> _What needs to be done_
Give back nothing but the number of lines in these entries that contain the word "neck".

Source data
........

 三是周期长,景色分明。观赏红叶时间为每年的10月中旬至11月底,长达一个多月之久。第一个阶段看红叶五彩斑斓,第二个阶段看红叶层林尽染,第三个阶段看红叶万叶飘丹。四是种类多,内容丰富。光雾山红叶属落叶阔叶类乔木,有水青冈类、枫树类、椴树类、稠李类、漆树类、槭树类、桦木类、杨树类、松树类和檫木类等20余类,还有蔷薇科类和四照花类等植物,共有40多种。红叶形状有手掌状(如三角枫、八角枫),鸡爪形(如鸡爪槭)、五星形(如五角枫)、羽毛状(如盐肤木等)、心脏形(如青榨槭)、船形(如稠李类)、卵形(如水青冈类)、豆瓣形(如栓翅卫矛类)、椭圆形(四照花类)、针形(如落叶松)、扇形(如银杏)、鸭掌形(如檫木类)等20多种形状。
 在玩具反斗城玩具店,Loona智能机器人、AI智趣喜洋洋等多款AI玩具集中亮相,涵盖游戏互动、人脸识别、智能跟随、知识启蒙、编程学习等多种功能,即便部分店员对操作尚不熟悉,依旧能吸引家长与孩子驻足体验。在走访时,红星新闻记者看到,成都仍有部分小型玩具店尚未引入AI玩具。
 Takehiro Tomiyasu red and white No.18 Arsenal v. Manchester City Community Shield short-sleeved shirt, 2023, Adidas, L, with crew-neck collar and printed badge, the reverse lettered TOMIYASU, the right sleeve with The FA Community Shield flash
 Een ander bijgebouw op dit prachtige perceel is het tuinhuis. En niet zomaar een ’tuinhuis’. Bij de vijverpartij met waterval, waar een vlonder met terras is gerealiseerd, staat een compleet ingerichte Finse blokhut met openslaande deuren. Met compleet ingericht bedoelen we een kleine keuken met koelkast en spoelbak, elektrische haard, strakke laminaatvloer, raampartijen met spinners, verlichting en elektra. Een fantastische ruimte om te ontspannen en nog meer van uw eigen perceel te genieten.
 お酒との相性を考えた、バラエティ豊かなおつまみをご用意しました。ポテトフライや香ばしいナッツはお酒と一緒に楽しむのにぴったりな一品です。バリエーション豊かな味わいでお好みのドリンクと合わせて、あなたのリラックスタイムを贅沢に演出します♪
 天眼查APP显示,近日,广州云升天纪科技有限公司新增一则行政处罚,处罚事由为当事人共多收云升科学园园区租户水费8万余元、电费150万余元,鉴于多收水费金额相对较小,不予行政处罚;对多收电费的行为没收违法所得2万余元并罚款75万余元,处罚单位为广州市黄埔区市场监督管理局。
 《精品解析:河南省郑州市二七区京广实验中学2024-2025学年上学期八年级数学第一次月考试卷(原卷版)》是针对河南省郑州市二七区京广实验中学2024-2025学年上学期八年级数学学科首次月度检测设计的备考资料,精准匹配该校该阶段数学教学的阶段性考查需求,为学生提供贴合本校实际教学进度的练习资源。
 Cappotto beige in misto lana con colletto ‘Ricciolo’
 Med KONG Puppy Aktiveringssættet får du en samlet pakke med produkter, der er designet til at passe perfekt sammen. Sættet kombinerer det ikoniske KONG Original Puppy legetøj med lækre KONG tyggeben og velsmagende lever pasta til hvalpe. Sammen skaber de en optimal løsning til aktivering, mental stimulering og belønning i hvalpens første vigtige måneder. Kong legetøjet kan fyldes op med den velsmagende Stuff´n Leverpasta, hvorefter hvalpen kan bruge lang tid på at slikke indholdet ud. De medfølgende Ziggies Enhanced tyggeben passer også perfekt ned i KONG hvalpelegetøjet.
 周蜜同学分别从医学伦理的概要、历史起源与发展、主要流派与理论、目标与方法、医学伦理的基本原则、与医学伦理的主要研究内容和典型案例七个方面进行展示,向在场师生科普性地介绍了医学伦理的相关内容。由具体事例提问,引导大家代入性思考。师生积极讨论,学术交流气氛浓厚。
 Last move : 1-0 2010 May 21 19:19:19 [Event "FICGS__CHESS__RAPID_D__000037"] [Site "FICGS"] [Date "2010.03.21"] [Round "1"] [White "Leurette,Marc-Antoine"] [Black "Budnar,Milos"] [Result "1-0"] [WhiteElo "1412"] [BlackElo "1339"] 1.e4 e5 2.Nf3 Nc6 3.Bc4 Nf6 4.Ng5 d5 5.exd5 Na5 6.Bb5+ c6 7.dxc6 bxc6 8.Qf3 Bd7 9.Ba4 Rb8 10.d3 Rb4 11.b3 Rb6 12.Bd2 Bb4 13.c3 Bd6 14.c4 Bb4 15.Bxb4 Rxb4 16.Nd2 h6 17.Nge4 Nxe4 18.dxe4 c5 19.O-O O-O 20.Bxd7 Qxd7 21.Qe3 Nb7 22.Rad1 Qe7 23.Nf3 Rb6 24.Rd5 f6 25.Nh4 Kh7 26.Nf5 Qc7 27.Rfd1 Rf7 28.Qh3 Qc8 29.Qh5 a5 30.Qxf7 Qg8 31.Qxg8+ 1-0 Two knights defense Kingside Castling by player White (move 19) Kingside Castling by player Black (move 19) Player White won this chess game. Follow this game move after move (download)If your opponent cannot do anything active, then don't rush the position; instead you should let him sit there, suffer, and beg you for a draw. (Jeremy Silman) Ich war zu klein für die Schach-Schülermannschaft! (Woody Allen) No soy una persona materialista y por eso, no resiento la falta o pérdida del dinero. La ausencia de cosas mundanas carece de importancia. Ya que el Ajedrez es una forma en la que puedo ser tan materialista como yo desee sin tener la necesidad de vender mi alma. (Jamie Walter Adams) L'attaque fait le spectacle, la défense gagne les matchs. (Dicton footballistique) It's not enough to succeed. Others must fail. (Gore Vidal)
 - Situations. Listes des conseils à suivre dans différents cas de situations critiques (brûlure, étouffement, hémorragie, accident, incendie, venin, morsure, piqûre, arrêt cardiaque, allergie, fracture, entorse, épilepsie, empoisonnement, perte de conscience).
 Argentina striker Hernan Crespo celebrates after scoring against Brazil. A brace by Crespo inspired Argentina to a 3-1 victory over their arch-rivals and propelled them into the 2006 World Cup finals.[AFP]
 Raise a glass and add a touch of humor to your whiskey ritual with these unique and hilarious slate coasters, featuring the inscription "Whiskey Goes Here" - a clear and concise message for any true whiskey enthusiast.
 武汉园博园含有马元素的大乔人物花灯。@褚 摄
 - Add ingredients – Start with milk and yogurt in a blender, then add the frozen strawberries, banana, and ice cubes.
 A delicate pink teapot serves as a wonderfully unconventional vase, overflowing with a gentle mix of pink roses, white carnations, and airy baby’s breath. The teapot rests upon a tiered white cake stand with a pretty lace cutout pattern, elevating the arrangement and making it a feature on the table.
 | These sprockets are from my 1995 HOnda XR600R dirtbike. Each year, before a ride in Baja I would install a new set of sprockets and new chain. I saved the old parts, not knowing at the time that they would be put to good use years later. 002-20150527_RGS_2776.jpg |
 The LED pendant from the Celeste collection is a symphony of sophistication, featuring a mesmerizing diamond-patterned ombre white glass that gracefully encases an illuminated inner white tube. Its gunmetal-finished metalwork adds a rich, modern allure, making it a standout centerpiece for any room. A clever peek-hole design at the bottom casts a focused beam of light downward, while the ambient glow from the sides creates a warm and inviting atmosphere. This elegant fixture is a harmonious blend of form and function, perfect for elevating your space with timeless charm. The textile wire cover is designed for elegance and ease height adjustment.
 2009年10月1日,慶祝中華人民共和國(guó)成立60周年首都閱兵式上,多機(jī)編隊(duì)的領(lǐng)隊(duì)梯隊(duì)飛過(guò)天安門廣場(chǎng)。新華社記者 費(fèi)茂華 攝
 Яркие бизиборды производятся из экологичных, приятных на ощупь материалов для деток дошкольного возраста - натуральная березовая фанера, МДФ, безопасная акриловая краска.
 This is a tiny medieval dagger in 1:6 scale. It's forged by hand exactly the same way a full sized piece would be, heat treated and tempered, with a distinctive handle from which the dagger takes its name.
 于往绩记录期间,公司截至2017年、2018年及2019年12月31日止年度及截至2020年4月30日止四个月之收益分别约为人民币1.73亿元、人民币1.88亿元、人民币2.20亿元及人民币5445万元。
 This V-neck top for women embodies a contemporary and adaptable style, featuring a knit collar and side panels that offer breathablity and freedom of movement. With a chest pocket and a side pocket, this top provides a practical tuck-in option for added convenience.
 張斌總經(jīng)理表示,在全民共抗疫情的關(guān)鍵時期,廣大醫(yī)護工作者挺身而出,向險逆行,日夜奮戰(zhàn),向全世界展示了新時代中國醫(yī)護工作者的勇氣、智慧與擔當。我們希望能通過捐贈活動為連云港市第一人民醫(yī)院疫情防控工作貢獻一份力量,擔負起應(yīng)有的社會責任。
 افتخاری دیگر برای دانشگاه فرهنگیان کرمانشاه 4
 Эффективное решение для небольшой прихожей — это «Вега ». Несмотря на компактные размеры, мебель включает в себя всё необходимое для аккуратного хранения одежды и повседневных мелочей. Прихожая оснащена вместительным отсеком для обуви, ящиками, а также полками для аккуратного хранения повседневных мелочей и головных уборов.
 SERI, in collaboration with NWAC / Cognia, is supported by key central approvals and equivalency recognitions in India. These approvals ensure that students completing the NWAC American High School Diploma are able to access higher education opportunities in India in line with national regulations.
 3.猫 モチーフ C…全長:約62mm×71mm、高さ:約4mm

........

> _Task response_
2